Glial fibrillary acidic protein (GFAP) is a M(r) 50,000 intracytoplasmic filamentous
protein that constitutes a portion of, and is specific for the cytoskeleton of the astrocyte. GFAP appears to stabilize the astrocyte's cytoskeleton, and helps maintain normal astrocyte cell shape through complex interactions between it and the nuclear and plasma membranes. A critical observation from histopathological studies is that there is progressive loss of GFAP expression with increasing astrocytic
anaplasia. To determine how GFAP expression affects human malignant
astrocytoma cells that are GFAP-deficient, we have stably transfected GFAP-negative SF-126 human
astrocytoma cells with a eukaryotic expression vector into which a
complementary DNA for the entire coding sequence of the
human GFAP protein has been inserted. Positive transformants were selected for
neomycin resistance, and GFAP-positive
astrocytoma cells have been identified by indirect immunofluorescence using anti-GFAP
antibodies. Upon successful transfection, 5 stably transfected SF-126
astrocytoma cell clones were selected that produced GFAP, formed elongated processes in cell culture, and demonstrated decreased proliferation in a tritiated
thymidine uptake assay when compared to the control. In addition, the 5
astrocytoma cell clones demonstrated marked reduction in the number and growth of colonies in soft
agar when compared to the control.
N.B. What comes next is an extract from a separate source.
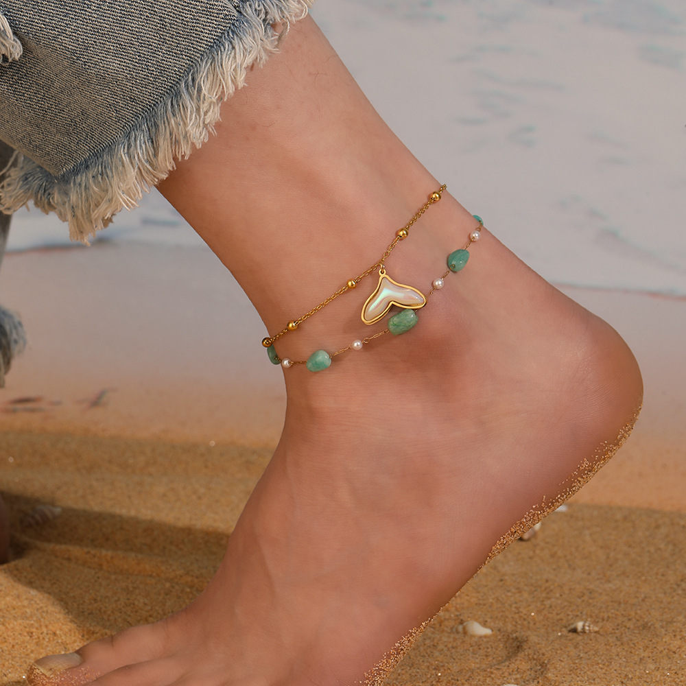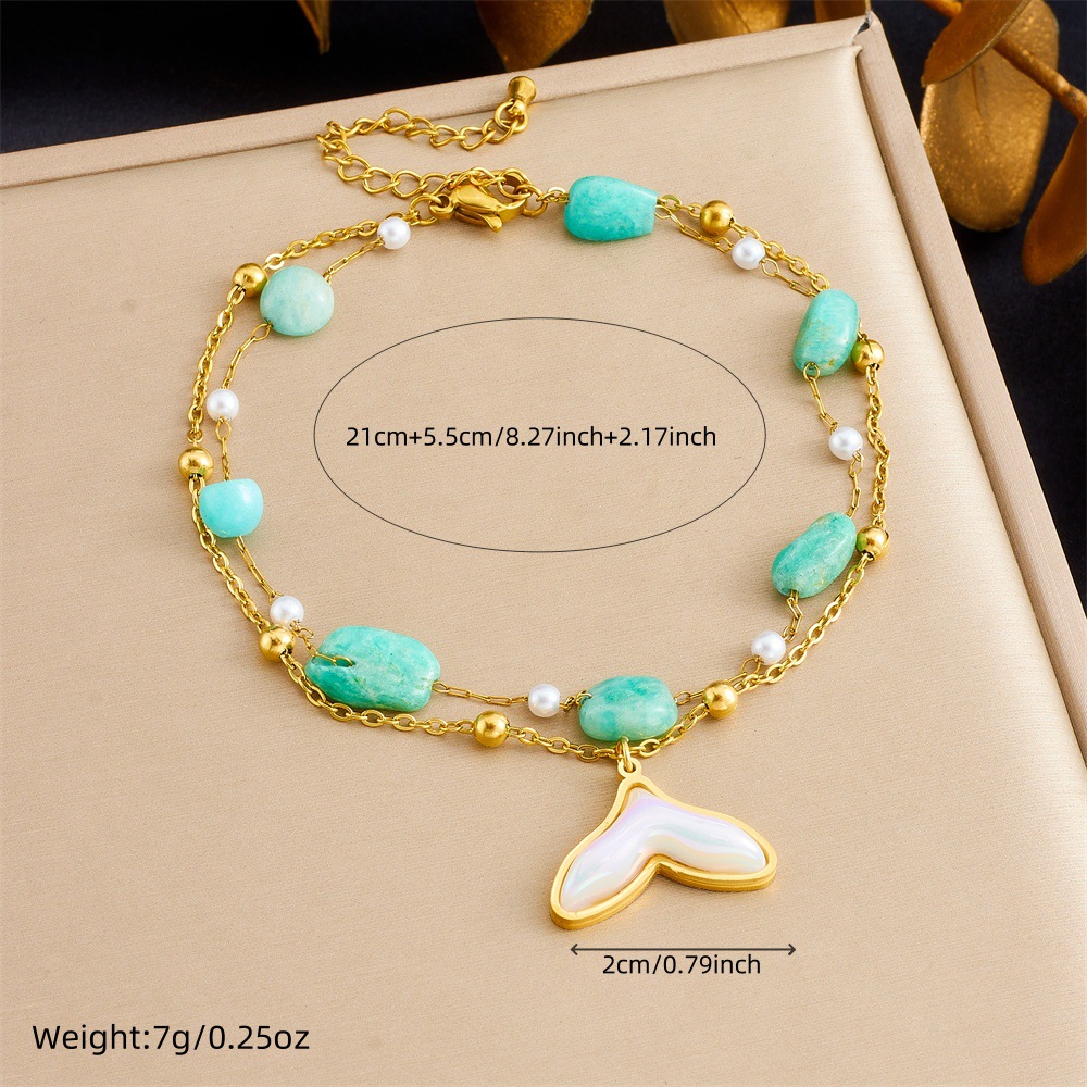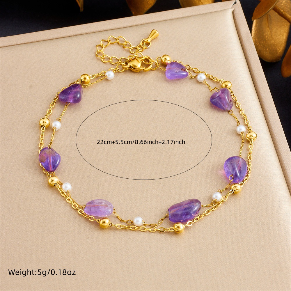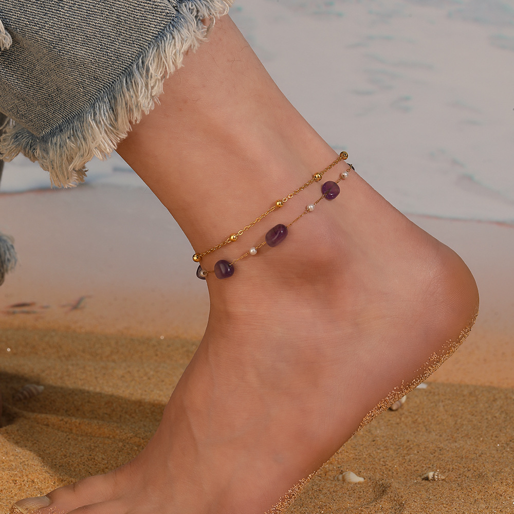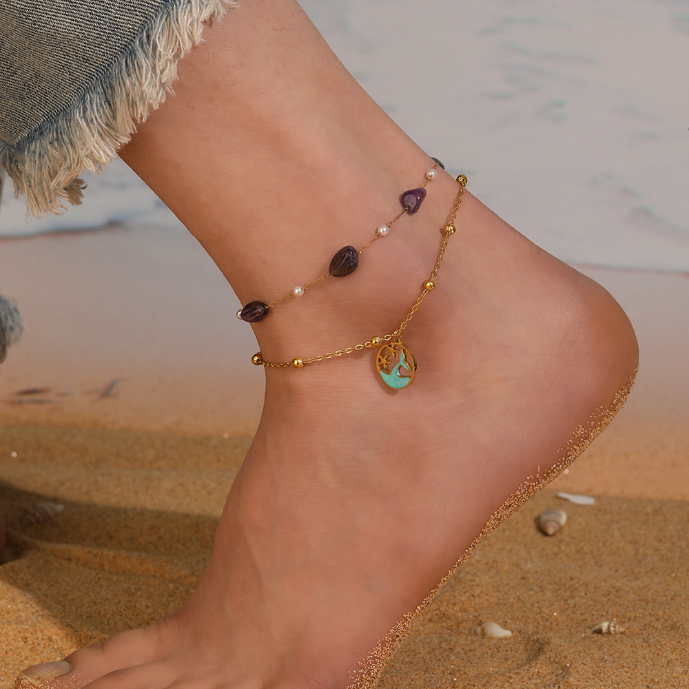 Fashion ocean style purple pebble beaded chain, double-layer stainless steel starfish dolphin fish tail anklet

Southern analysis revealed extra copies of the GFAP
complementary DNA that had become integrated into the SF-126
astrocytoma cell genome. Northern analysis revealed variable expression of a 3.5-kilobase GFAP
mRNA transcript among the 5 cell clones. The amount of GFAP
mRNA expression and immunoreactivity by the stably transfected SF-126
astrocytoma cell clones was found to correlate inversely with
astrocytoma proliferation and growth in soft
agar. The restoration of GFAP expression to GFAP-negative human
astrocytoma cells has affected
tumor cell morphology, proliferation, and growth in soft
agar in this experimental cell system.